夜の学校
刹那と合流し情報交換を行いつつ、次の行動を模索する。
「ここが今回の化け物の支部なのかもしれない。数はさっきよりも増える感じかな?」
セイエイは弾倉を入れ替えながら、予備の弾倉を即座に抜けるようにポーチに納めていく。
「けどセイエイさん」
「んな?なんだ?」
「わいユウスケと同じようになってるはずなのにこの傷で済んでるのはなんでなんですかね?」
「血がドロドロで不味かったんじゃね?知らんけど」
「無責任な・・・・・・」
「責任も何もあそこで襲われたのは自業自得だろ?目標を追ってたらお前さんらがいたから運良く助かったが」
「猛省してます」
「それでいい」
ここからは身を隠せる物がない。3人は正門を盾に校舎からこちらを狙っているものがいないから窓1つ1つを確認していく。
「二階はどこも開いてないです」
「三階もだ。刹那の方はどうだ?」
「来る前から1人で見張っていたのよ?もう3回やって結果は変わらなかったわ」
セイエイは携帯で時間を見ると幾らかの文字を打ち込み校舎へ向かって走り出した。
特に何もなく校舎にたどり着くと上から足音が聞こえてきた。
「上にいる感じか。いくぞ2人とも」
二階に上がると変わらず足音は聞こえるものの、人影は見えない。
「教室内みたいだ。警戒を———」
ピシューという鳥が風を切るような音を立てながら、別校舎と繋ぐ廊下側から腕の長い化け物がセイエイに向けてその長い腕を伸ばしていた。

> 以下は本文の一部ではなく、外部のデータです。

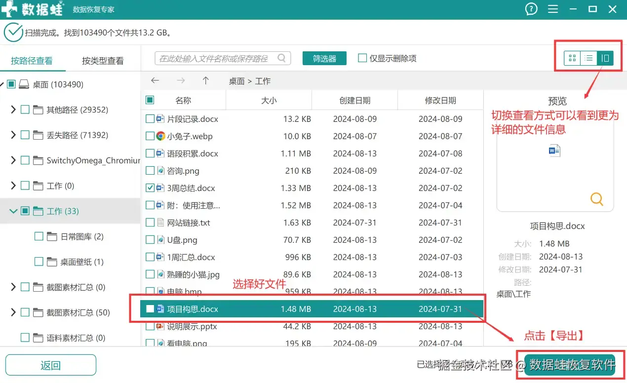 第2步: 在扫描结果的页面选择需要恢复的文件后点击【导出】,也可以选择直接点击【全部导出】,把扫描出来的文件全部恢复。

警戒はしていた。だが腕の長さがセイエイと刹那の予想を越えていたのだ。
「・・・・・・!!!!!」
修也は運良くその方向を見ていたことが幸いし、2人よりも早く動けた。説明しても間に合わないと判断した修也はセイエイを突き飛ばして自分がそれに巻き込まれた。
「修也君・・・・・・!」
「止まるまで待つしかない!今撃ったら修也がどうなるか分からないか!」
刹那は銃を構えるものの、発砲すれば壁の柱に骨髄を損傷し、先程の怪我も相まって致命傷になる可能性があった。
2人は勢いが収まった所で腕の長い化け物の撃ち抜き修也を解放した。
しかし遠く離れたしまったことと銃声のせいで、化け物たちが目を覚ましたときのように教室内から姿を現した。
「くっ・・・・・・修也なんとか耐えてくれ!」
直進しようにも数が多く通ることが出来そうにない。逆に迂回した方が早いまであるのではないだろうか。
2人がそう判断し迂回を始めた頃。修也はタイルに叩きつけられたことで、元々傷のあった右手のガラス破片が更に深々と刺さり、痛みが増していく。
その場で腕を抑えたかったが、まだ機能停止していない腕の長い化け物が側にいる。
「銃声で出てない教室・・・・・・あった!」
運良く化け物のいない教室が側にあり、修也はそこに滑り込むように教室へと潜り込んだ。